1) On page 15, you write with respect to Cameroon: “Perhaps because it was probably a site of early HIV evolution, the disease there remained scattered, much as it had in the DR Congo until the later 1970s.” Later, on page 17, you write: “In Gabon and Cameroun, where the epidemic had begun later, there was more growth during the 1990s…” I am having some difficulty following your line of thinking here. If Cameroon was a site of early HIV evolution, then why would that lead to scattered cases and a later epidemic? In my Paul Sharp essay, mentioned above, I note that he argues that HIV evolved in south-eastern Cameroon, but that AIDS evolved in Kinshasa. But this would require the index case (or infectees therefrom) to move quickly to Kinshasa, and to start an epidemic there, but not in Cameroon. If HIV began evolving in Cameroon, as you suggest, then we should find some evidence in Cameroon of early HIV-1(M) and AIDS, and a huge range of subtypes and viral variants of HIV-1(M). In reality we get these things in the DRC, but not in Cameroon. At least, that’s how I view it. I’m clearly not following your thought processes here, so could you please explain further?

2) I’m intrigued that you focus on Cameroon as a probable site of early HIV evolution. Might I ask if you had any advance knowledge of the Paul Sharp/Beatrice Hahn announcement?

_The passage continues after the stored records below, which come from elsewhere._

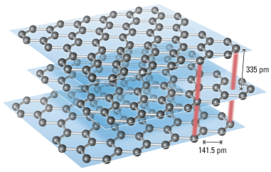 每层内:每个C作sp2杂化,与另3个C以共价键结合,并有离域p键(整层上、下)
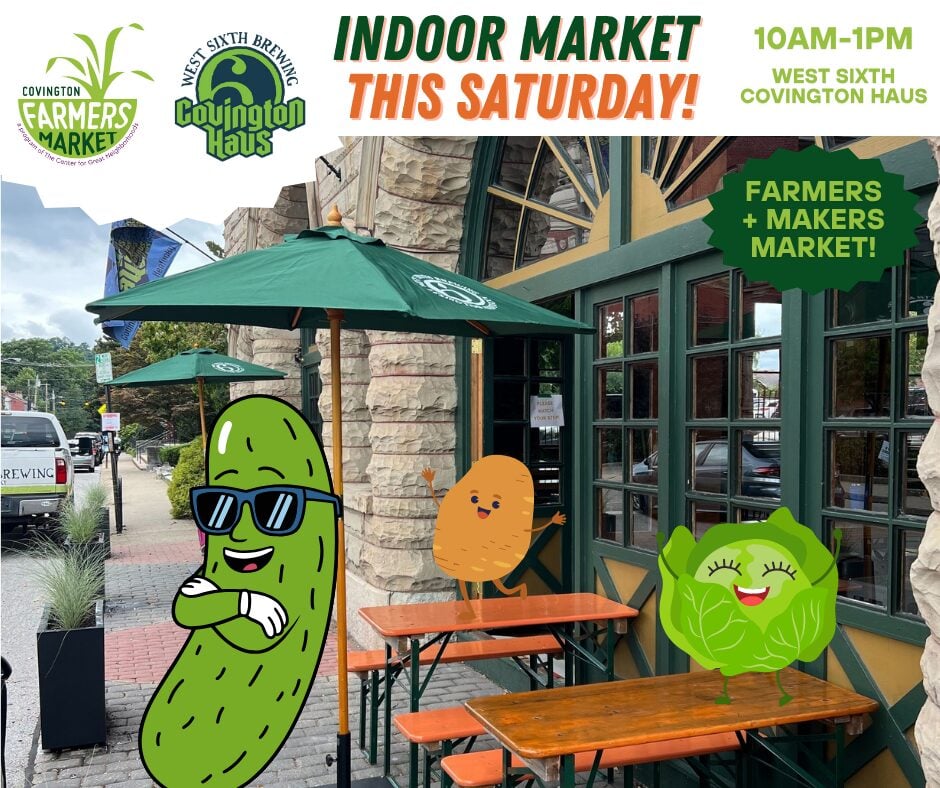 The indoor season of the Covington Farmers Market opens on November 8 at West Sixth Brewing’s Covington Haus, which opened early this year at 100 West Sixth Street, just steps away from the new outdoor market location along Washington Street.
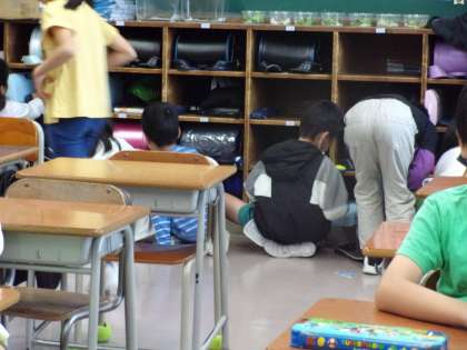 運動会も終わり、教室内を整頓しました。清掃後、机やロッカーの中を整頓し、ものの置き場所を決めてそろえて置きました。向きもそろえるととても気持ちがよいです。
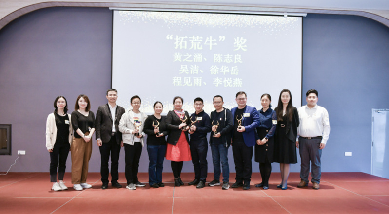 “拓荒牛”获奖成员及颁奖嘉宾合影留念
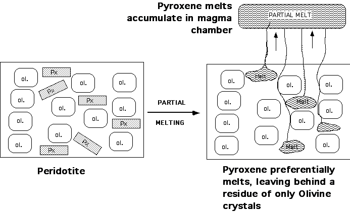 1. Rocks are composed of a mixture of minerals. Not all minerals melt at the same temperature. For instance, a peridotite is an ultramafic rock composed of olivine and pyroxene. If we were to gradually raise the temperature of the rock, wed eventually reach a temperature in which the pyroxenes began to melt, whereas the olivines would remain solid. We would have to raise the rock temperature higher in order to melt the olivine.
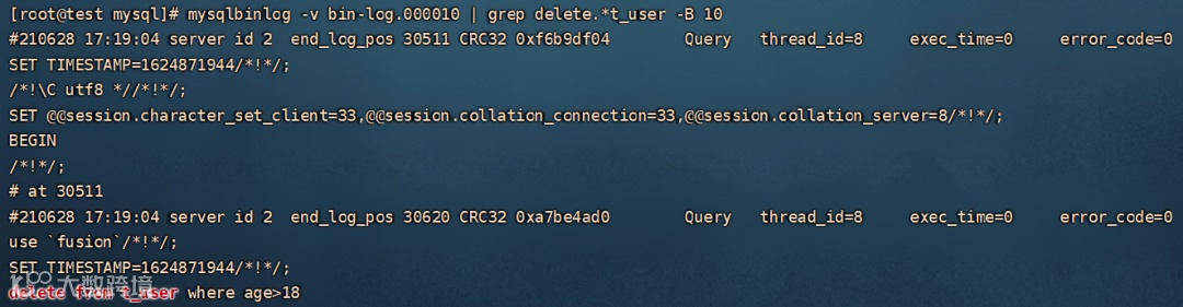 mysqlbinlog -v --start-datetime='2021-06-10 10:35:00' --stop-datetime='2021-06-10 10:45:00' bin-log.000004 | grep t_user

3) As a matter of interest, could I please know who your scientific advisers were, by which I mean people who gave you advice on the more scientific aspects of your work, and/or who read the manuscript to check for scientific accuracy?

In conclusion, I would like to state this. I really do admire your book (even if thus far I have read only the first half), which makes me all the more sad that it dismisses the OPV hypothesis so swiftly, and on what I believe to be inadequate grounds. I would like to invite you to read further from materials that I have published since The River (such as the essays on the aforementioned web-site), and I hope that after doing so, you might be prepared to reconsider your position with regard to the various origins theories. If you are willing to do this, then I would also hope that when your book is reprinted (as I’m sure it will be), you might consider making some adjustments to chapters 2, 3 and 4, so as to give a fairer crack of the whip to, and description of, the OPV hypothesis.

In any case, I look forward to hearing back from you, hopefully with some responses to my comments and to the specific questions at the end of this letter.